**TASK STATEMENT**
Take the records below and set down exactly the lines from the one with "Главный герой пространства" to the one with "36 кв.м, двуспальная", ends included; do not copy the pictures.

**SOURCE MATERIAL**
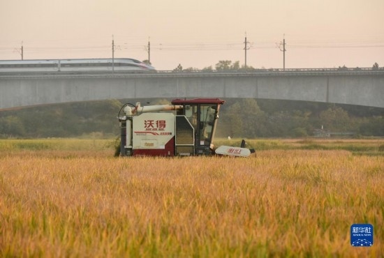 10月18日,湖南省衡陽市衡山縣白果鎮(zhèn),農(nóng)民在收割晚稻。
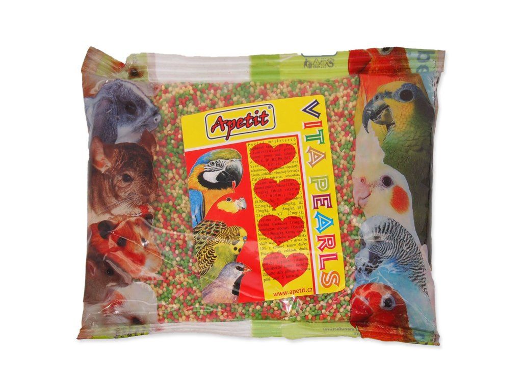 Složení: loupané proso, vitamín A, D3, E, B1, B2, B6, B12, K3, kyselina listová, kyselina nikotinová, pantothenan vápenatý, biotin, jodičnan vápenatý bezvodý.
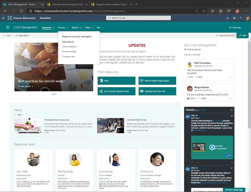 Quickly build an emergency management site to connect people and information—Unexpected events like COVID-19 highlight the importance of establishing and keeping the lines of communication open. A new crisis management site in SharePoint enables your organization to consolidate news, related resources, and topical Q&A in response to emergency events in under two hours. Just head to your SharePoint start page and select Create site > Communication site to start configuring news, links, Q&As, site navigation, highlighted people, and more.
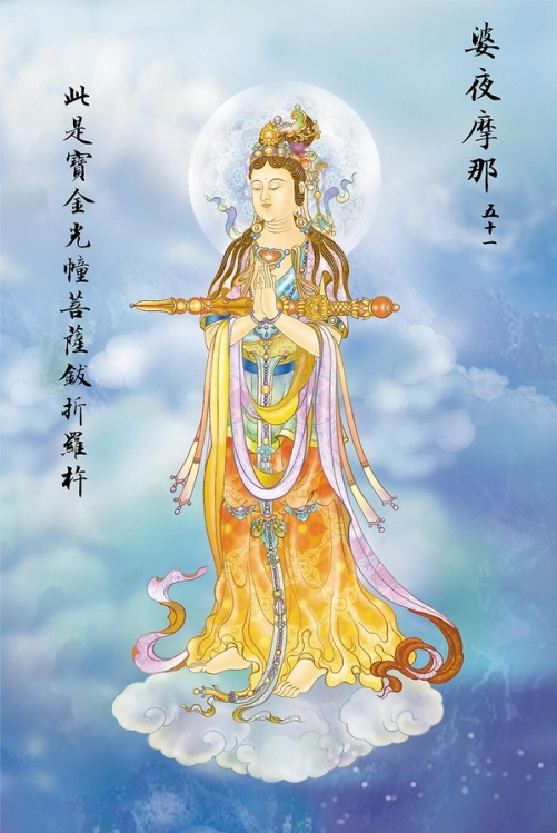 (Chính là bản thân của ngài Quán Thế Âm Bồ tát hiện tướng ngài Bảo Kim Quang Tràng Bồ tát tay cầm Kim Cang Xử lợi ích độ sanh.)
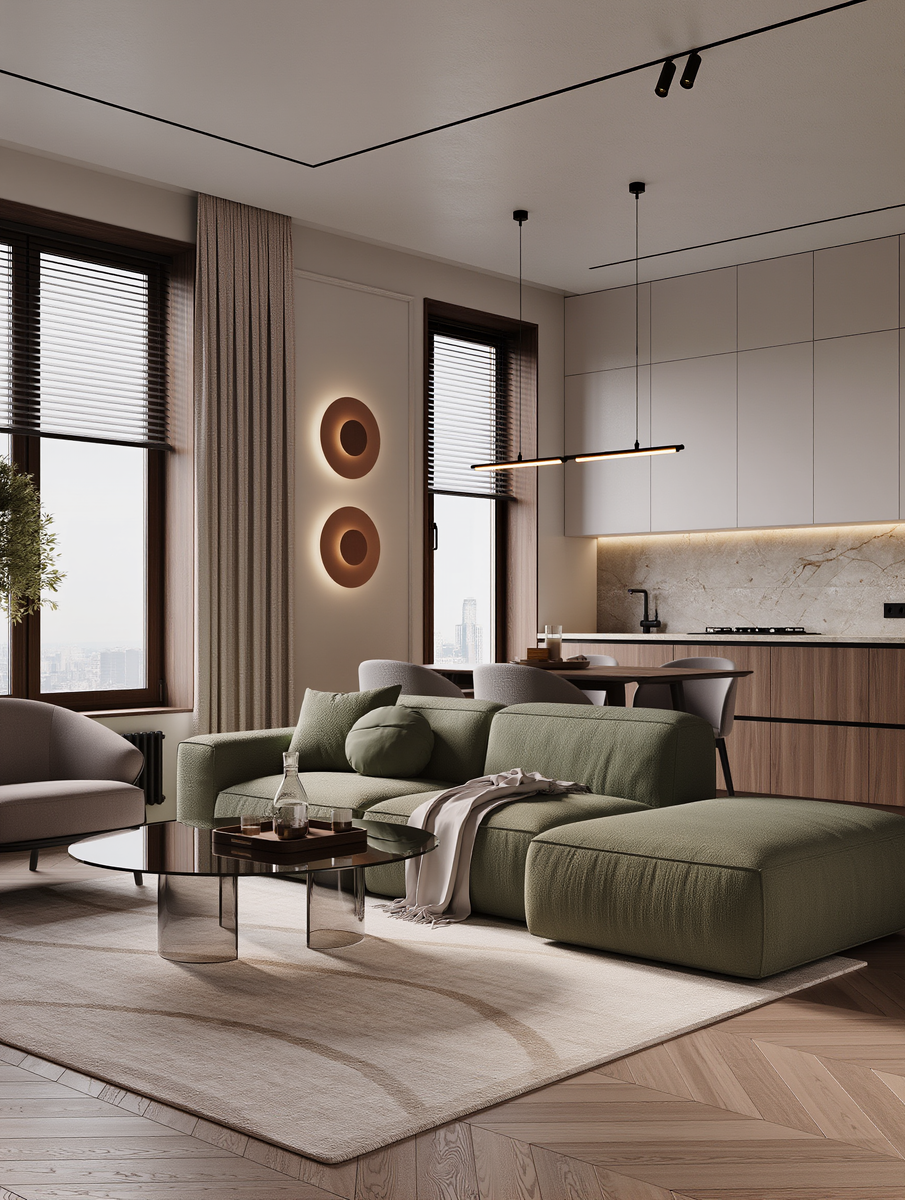 Главный герой пространства — приглушённый оливковый диван. Это не яркий зелёный, а сложный, природный оттенок с серым подтоном. Он добавляет глубину и делает интерьер живым, не нарушая общей спокойной атмосферы.
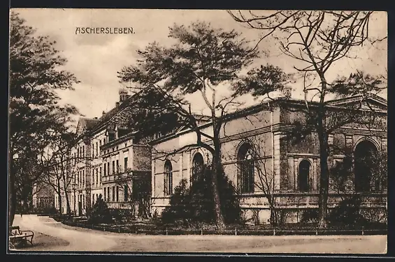 AK Aschersleben, Strassenpartie mit grossem Gebäude
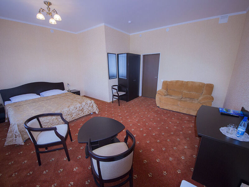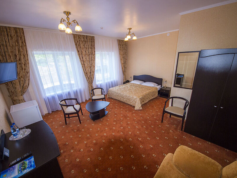 36 кв.м, двуспальная кровать, диван, шкаф, прикроватная тумбочка, сейф, с/у с душем, ТВ, мини-холодильник, столик с необходимым набором посуды, чайник.
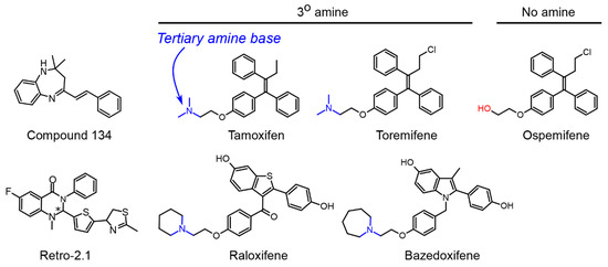 Tamoxifen is a selective estrogen receptor modulator that antagonizes the effects of estrogen and is, therefore, used for breast cancer therapy [81]. However, as described in Selyunin et al. [20], a less appreciated feature of tamoxifen is that it is a lysosomotropic weak base that accumulates within acidic endolysosomes and directly increases compartment pH [82,83]. The capability of tamoxifen to change endolysosomal pH is independent of estrogen receptors and, instead, depends on a tertiary amine in its structure that makes it a weak base (Figure 5) [82,83]. Based on this, Selyunin et al. hypothesized that activity of tamoxifen against STx1/STx2 depended on its tertiary amine base, and not estrogen signaling [20]. Notably, the cell-based assays described above [20] were performed in HeLa cells, which do not express estrogen receptors [84], indicating that the protective effect of tamoxifen against STx2 is independent of estrogen receptor modulation [20]. Furthermore, three clinically approved tamoxifen derivatives with the tertiary amine base, toremifene, raloxifene, and bazedoxifene, provide as much protection as tamoxifen against STx2, but ospemifene, which does not have an amine group and is not a weak base, fails to protect all together (all compounds used at 10 µM) (Figure 5) [20]. The results, in totality, imply that tamoxifen exerts its protective effect against STx1/STx2 by acting as a weak base that directly increases endolysosomal pH, and not by acting as a selective estrogen receptor modulator [20]. As tamoxifen, toremifene, raloxifene, and bazedoxifene are already approved for human use, it may be feasible to translate their protective activity against STx1/STx2 in experimental systems to human therapy more rapidly than other drugs in development [20].
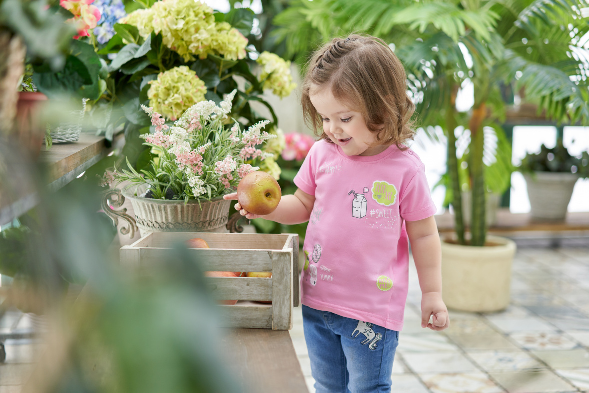 Помимо платьев, конечно, девичья часть коллекции богата и столь любимыми футболками, на которых яркие изображения и образы сменяют друг друга. К ним же идёт целый арсенал брюк разных моделей и фасонов. Девчонки тоже любят бегать, прыгать, кататься на роликах и велосипедах, и здесь юбку или платье лучше не надевать.

**RESULT**
 Главный герой пространства — приглушённый оливковый диван. Это не яркий зелёный, а сложный, природный оттенок с серым подтоном. Он добавляет глубину и делает интерьер живым, не нарушая общей спокойной атмосферы.
 AK Aschersleben, Strassenpartie mit grossem Gebäude
 36 кв.м, двуспальная кровать, диван, шкаф, прикроватная тумбочка, сейф, с/у с душем, ТВ, мини-холодильник, столик с необходимым набором посуды, чайник.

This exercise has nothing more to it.